Истина может лежать и за пределами каких бы то ни было научных констатации, слепое следование которым приводит к нивелировке и ограничению человеческой личности. Бердяев не раз вспоминал в своих работах Канта, показавшего ограниченность человеческого разума. Человеческое мышление, превосходно справляющееся с частными задачами, начинает «буксовать» при постановке самых важных вопросов — о душе, о Боге, о мире самих по себе, вне зависимости от наших утилитарных задач. Вместо четких однозначных ответов разум приходит к антиномиям — неразрешимым противоречиям, которым Кант отводил роль «пограничных столбов»: территория рационального знания кончается. Поставив перед собой подобные вопросы, разум вступил не на свою территорию, надо остановиться. На эти вопросы может ответить только вера.

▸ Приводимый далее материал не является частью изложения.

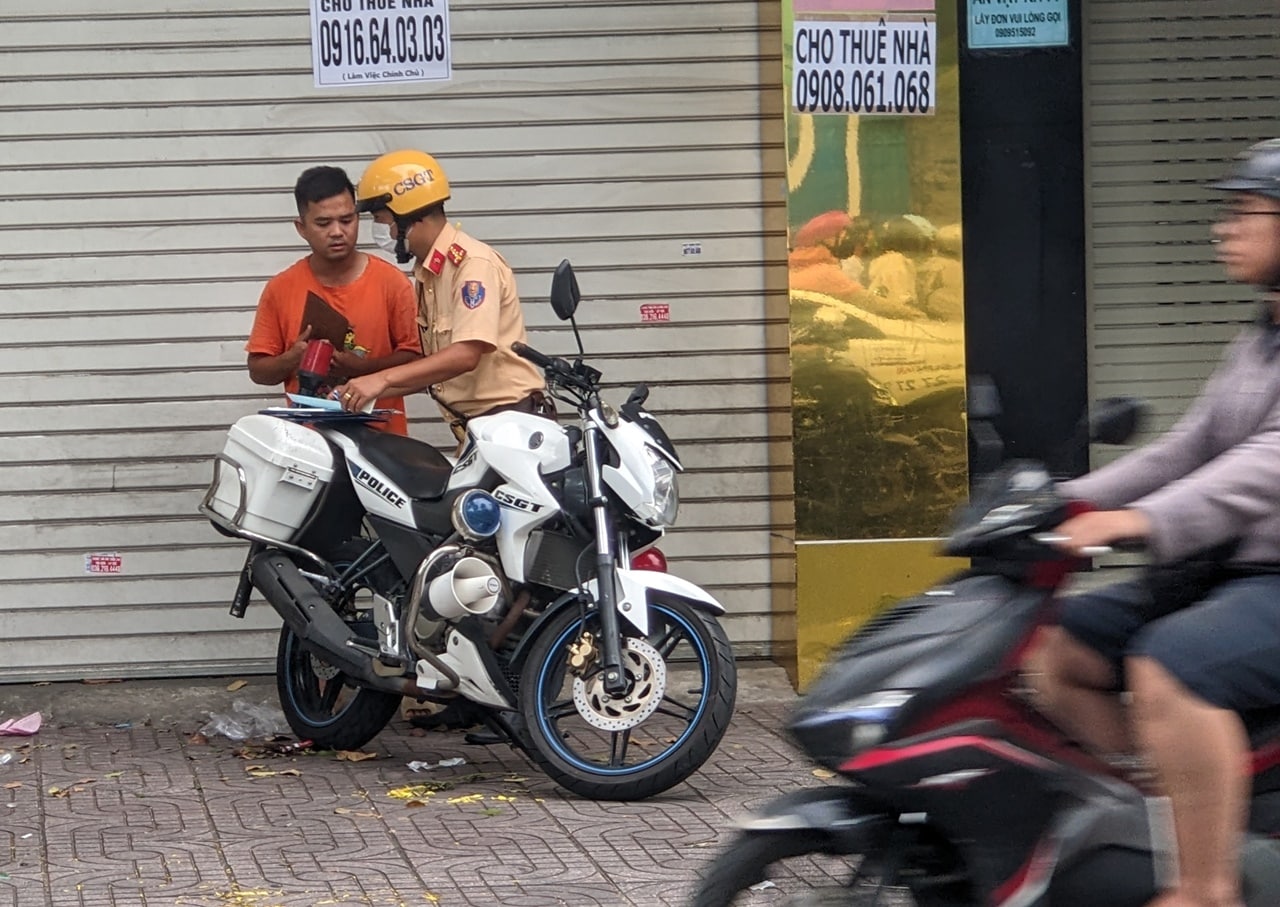 Cảnh sát giao thông xử phạt một tài xế vi phạm an toàn giao thông, năm 2023. (Ảnh minh họa: CTV/Trí Thức Việt Nam)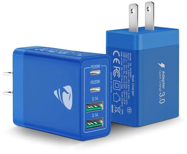 2-Pack 40W Fast Charging Block:The USB C Charger supports the Power Delivery and Quick Charge 3.0 fast charging functions with a total power of up to 40W.The USB-A port offers an output power of 3.1 A/5 V,while the USB-C port offers a charging speed of 20W.Charge your iPhone devices from 0% to 58% in just 30 minutes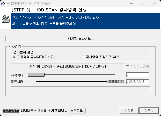 제품의 전체 컨디션을 보아야 하기 하므로 시작 섹터를 0, 종료 섹터를 우측 끝으로 조절한 뒤, 우측 하단의 다음을 클릭합니다.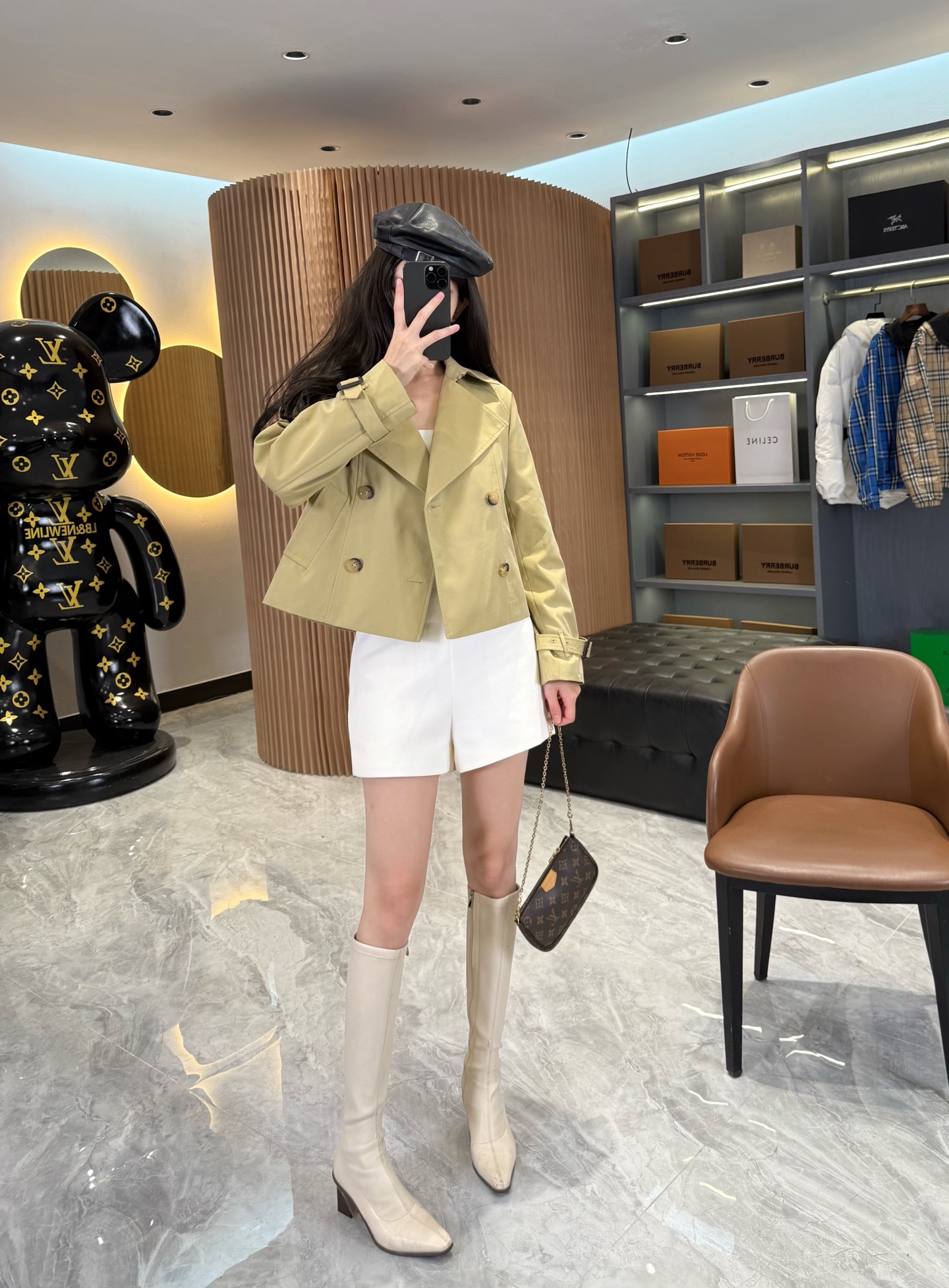 若你正在尋找一件可以長久穿著、不受潮流限制的單品,這件短款雲雀色風衣就是最好的選擇。穿上它,你會明白什麼叫做經典不需多言。

В 1910 году московское Религиозно-философское общество не могло не провести вечера, посвященного 10-й годовщине со дня смерти В. С. Соловьева, особенно если учесть, что самые активные члены РФО были связаны с Соловьевым не только духовно, но и лично — Л. Лопатин дружил с Соловьевым в детстве и юности, Е. Трубецкой был его последователем и другом, на многих участников РФО оказала воздействие соловьевская философия. Арендовали зал, выпустили объявления о вечере. Доклады о Соловьеве должны были делать Бердяев, Вячеслав Иванов, Владимир Эрн и Александр Блок (который сам доклада не читал, только прислал его текст). Доклад Бердяева был длинноват (полтора часа), не раз прерывался тиком (Т. А. Рачинская вспоминала: он «так страшно высовывал язык»[179]), но затронул важный вопрос об отношениях православия и католичества (поводом стали симпатии Соловьева к католической церкви). Доклады затем были опубликованы издательством «Путь». Тогда же издательство поставило перед собой задачу: выпустить книги и о других самобытных русских мыслителях — Григории Сковороде, Петре Чаадаеве, Алексее Хомякове, Константине Леонтьеве. Бердяев взялся за написание книги о Хомякове. (Позднее появилась мысль написать и о Николае Федорове, но этот бердяевский замысел никогда не воплотился.)
Влияние славянофильства, которое невозможно представить без могучей фигуры Алексея Степановича Хомякова (недаром А. Герцен назвал его «Ильей-Муромцем славянофильства», а Бердяев считал «самым сильным религиозным мыслителем славянофильского лагеря»), на религиозное направление русской культуры в целом и на формирование философской позиции Бердяева трудно переоценить. Именно славянофилам принадлежала заслуга постановки проблемы единства веры и разума в отечественной мысли, критики рационализма, именно они первые задались вопросом о свободе в церкви, личности и соборности, не говоря уже об их попытке осмыслить роль России в христианской культуре и цивилизации. Недаром даже их идейный оппонент, западник А. Герцен, отмечал, что западничество только тогда получит место и значение общественной силы, когда овладеет темами и вопросами, пущенными в обращение славянофилами.